● Your objective:
Keep the pictures out and restate every record exactly.
(Data listing begins)
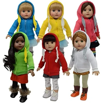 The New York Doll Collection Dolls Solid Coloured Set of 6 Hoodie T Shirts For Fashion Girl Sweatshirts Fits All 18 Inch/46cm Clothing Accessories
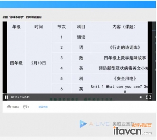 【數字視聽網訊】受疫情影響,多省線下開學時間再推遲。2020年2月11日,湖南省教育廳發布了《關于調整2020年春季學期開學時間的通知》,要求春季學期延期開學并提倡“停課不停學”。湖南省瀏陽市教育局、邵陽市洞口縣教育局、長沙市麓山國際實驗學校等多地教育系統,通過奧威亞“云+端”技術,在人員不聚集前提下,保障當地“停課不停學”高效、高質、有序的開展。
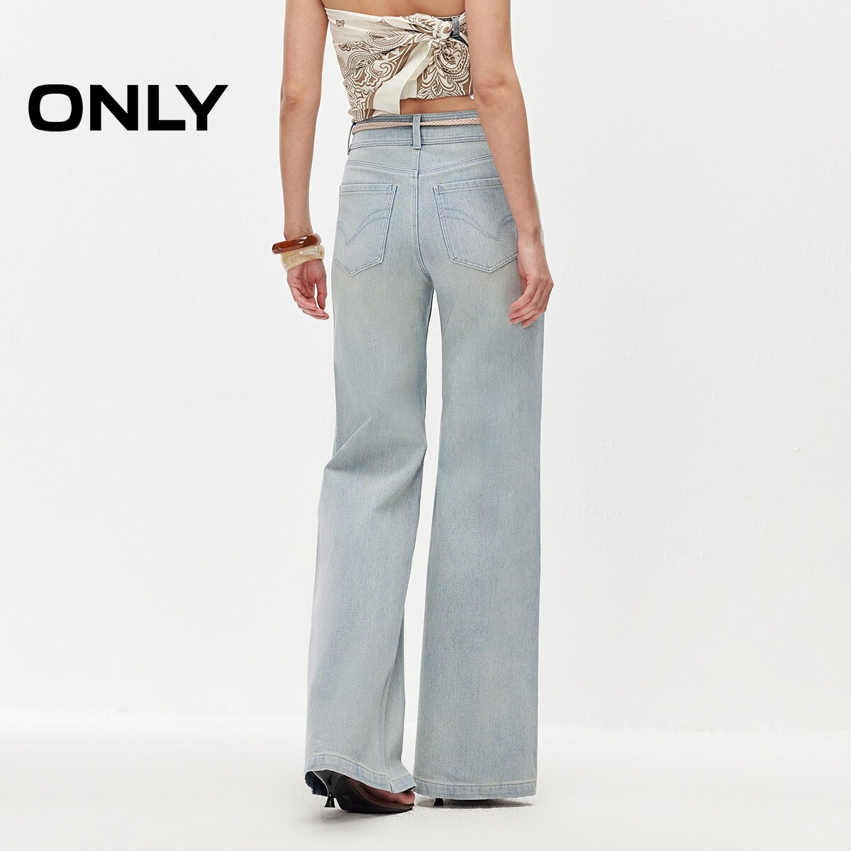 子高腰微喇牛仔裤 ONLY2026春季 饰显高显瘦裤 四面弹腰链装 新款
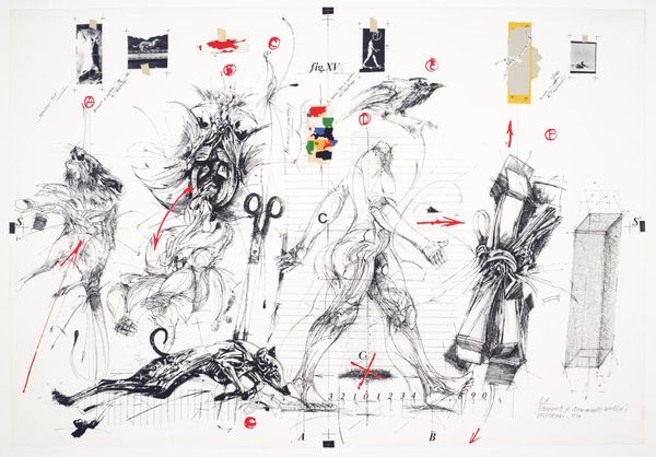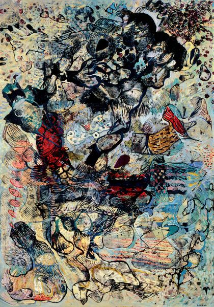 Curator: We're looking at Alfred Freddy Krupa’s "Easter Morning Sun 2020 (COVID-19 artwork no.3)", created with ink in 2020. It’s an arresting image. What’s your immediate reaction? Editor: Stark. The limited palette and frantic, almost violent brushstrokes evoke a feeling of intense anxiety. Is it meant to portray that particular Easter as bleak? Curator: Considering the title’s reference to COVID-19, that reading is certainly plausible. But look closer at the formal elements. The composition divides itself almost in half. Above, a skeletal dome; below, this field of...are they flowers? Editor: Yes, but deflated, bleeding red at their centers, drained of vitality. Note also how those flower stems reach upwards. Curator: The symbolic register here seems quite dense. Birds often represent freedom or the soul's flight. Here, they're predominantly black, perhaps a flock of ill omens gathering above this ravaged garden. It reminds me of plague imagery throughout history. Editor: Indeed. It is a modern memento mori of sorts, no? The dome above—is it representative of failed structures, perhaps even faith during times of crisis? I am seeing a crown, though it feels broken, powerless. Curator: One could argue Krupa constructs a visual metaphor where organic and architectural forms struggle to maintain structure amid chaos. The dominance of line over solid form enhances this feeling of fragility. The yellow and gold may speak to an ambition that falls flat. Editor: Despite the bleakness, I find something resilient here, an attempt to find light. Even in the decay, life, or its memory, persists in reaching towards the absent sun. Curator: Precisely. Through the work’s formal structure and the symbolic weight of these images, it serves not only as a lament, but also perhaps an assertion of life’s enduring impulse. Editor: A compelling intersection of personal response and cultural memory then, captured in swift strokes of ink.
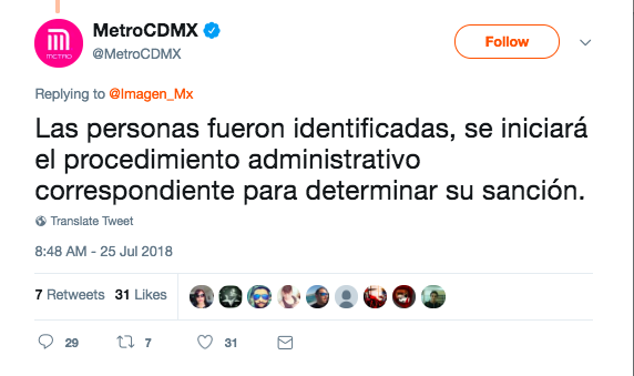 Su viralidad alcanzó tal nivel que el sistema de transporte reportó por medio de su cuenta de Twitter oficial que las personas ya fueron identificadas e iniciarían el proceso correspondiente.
(Data listing ends)
● Result of the task:
 The New York Doll Collection Dolls Solid Coloured Set of 6 Hoodie T Shirts For Fashion Girl Sweatshirts Fits All 18 Inch/46cm Clothing Accessories
 【數字視聽網訊】受疫情影響,多省線下開學時間再推遲。2020年2月11日,湖南省教育廳發布了《關于調整2020年春季學期開學時間的通知》,要求春季學期延期開學并提倡“停課不停學”。湖南省瀏陽市教育局、邵陽市洞口縣教育局、長沙市麓山國際實驗學校等多地教育系統,通過奧威亞“云+端”技術,在人員不聚集前提下,保障當地“停課不停學”高效、高質、有序的開展。
 子高腰微喇牛仔裤 ONLY2026春季 饰显高显瘦裤 四面弹腰链装 新款
 Curator: We're looking at Alfred Freddy Krupa’s "Easter Morning Sun 2020 (COVID-19 artwork no.3)", created with ink in 2020. It’s an arresting image. What’s your immediate reaction? Editor: Stark. The limited palette and frantic, almost violent brushstrokes evoke a feeling of intense anxiety. Is it meant to portray that particular Easter as bleak? Curator: Considering the title’s reference to COVID-19, that reading is certainly plausible. But look closer at the formal elements. The composition divides itself almost in half. Above, a skeletal dome; below, this field of...are they flowers? Editor: Yes, but deflated, bleeding red at their centers, drained of vitality. Note also how those flower stems reach upwards. Curator: The symbolic register here seems quite dense. Birds often represent freedom or the soul's flight. Here, they're predominantly black, perhaps a flock of ill omens gathering above this ravaged garden. It reminds me of plague imagery throughout history. Editor: Indeed. It is a modern memento mori of sorts, no? The dome above—is it representative of failed structures, perhaps even faith during times of crisis? I am seeing a crown, though it feels broken, powerless. Curator: One could argue Krupa constructs a visual metaphor where organic and architectural forms struggle to maintain structure amid chaos. The dominance of line over solid form enhances this feeling of fragility. The yellow and gold may speak to an ambition that falls flat. Editor: Despite the bleakness, I find something resilient here, an attempt to find light. Even in the decay, life, or its memory, persists in reaching towards the absent sun. Curator: Precisely. Through the work’s formal structure and the symbolic weight of these images, it serves not only as a lament, but also perhaps an assertion of life’s enduring impulse. Editor: A compelling intersection of personal response and cultural memory then, captured in swift strokes of ink.
 Su viralidad alcanzó tal nivel que el sistema de transporte reportó por medio de su cuenta de Twitter oficial que las personas ya fueron identificadas e iniciarían el proceso correspondiente.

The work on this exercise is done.